§ **WHAT THE EXERCISE ASKS**:
Begin at the line below that holds "Ou seja, empilhando" and end at the line that holds "không tại penicilinase.", transcribing each line exactly and skipping any picture.

§ **INPUT FOR THIS TASK**:
[Start of Attachment]
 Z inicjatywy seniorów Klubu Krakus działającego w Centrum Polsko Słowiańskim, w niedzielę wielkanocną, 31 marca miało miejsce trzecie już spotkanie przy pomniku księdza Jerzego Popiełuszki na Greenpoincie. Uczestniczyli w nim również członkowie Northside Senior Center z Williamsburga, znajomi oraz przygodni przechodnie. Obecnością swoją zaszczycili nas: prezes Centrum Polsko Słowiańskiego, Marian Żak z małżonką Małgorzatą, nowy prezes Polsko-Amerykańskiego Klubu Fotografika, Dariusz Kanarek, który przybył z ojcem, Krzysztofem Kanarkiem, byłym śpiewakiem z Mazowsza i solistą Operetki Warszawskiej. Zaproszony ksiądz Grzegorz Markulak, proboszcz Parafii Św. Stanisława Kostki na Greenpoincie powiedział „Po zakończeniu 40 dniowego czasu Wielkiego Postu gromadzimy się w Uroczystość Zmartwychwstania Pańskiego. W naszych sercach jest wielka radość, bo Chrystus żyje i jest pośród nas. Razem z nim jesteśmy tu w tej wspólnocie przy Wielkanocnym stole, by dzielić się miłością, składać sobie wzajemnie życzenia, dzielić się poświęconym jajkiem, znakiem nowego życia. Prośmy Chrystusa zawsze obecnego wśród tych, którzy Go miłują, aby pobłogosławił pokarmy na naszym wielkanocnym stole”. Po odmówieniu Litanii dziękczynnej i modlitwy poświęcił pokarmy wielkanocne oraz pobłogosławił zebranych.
[End of Attachment]
[Start of Attachment]
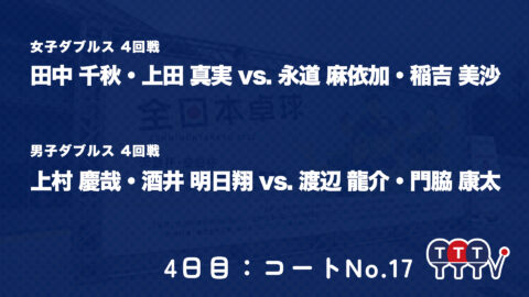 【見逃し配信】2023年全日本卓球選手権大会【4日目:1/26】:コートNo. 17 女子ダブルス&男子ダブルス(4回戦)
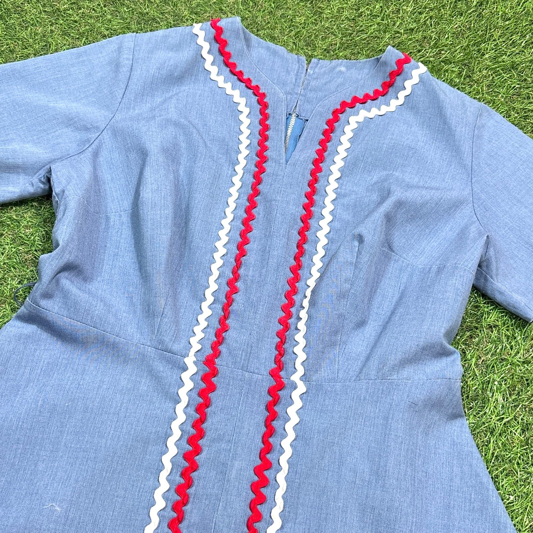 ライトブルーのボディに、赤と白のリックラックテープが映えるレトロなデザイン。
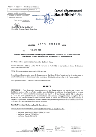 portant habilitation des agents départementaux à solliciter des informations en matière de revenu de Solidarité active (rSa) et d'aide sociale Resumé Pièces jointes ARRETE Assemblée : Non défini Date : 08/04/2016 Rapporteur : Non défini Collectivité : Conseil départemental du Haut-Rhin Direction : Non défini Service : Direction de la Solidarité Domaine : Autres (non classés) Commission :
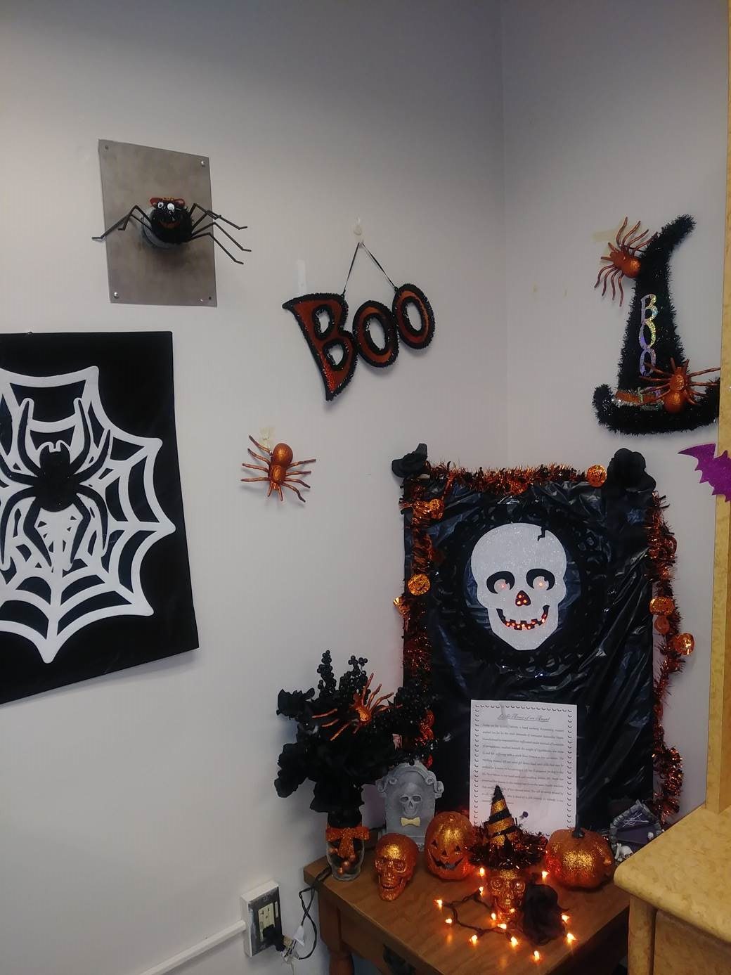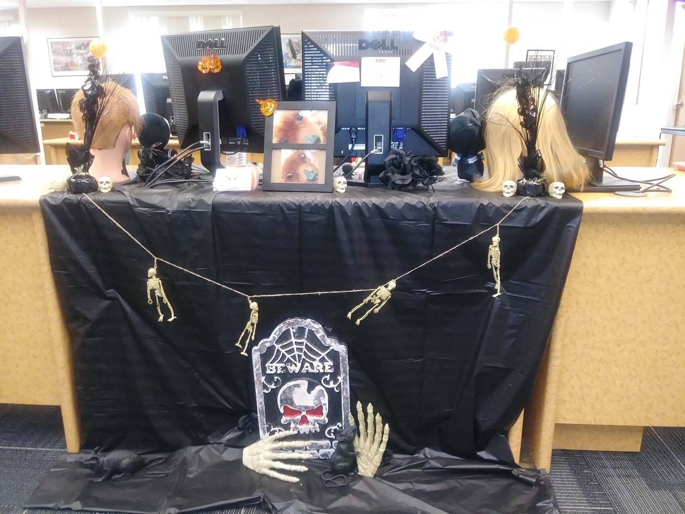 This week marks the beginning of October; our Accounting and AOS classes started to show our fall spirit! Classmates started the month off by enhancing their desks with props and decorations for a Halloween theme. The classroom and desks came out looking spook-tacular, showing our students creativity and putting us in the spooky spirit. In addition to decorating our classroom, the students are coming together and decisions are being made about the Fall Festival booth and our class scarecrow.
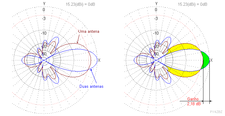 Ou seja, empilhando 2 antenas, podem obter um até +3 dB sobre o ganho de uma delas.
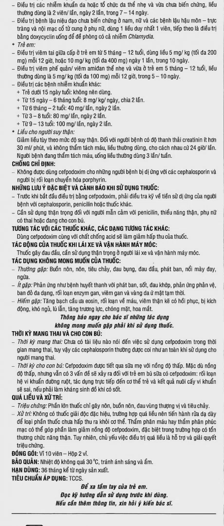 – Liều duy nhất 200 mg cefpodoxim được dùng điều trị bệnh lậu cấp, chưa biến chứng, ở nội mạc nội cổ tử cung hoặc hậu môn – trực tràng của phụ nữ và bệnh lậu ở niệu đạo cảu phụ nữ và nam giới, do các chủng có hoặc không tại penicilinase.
[End of Attachment]
§ **EXERCISE SOLUTION**:
 Ou seja, empilhando 2 antenas, podem obter um até +3 dB sobre o ganho de uma delas.
 – Liều duy nhất 200 mg cefpodoxim được dùng điều trị bệnh lậu cấp, chưa biến chứng, ở nội mạc nội cổ tử cung hoặc hậu môn – trực tràng của phụ nữ và bệnh lậu ở niệu đạo cảu phụ nữ và nam giới, do các chủng có hoặc không tại penicilinase.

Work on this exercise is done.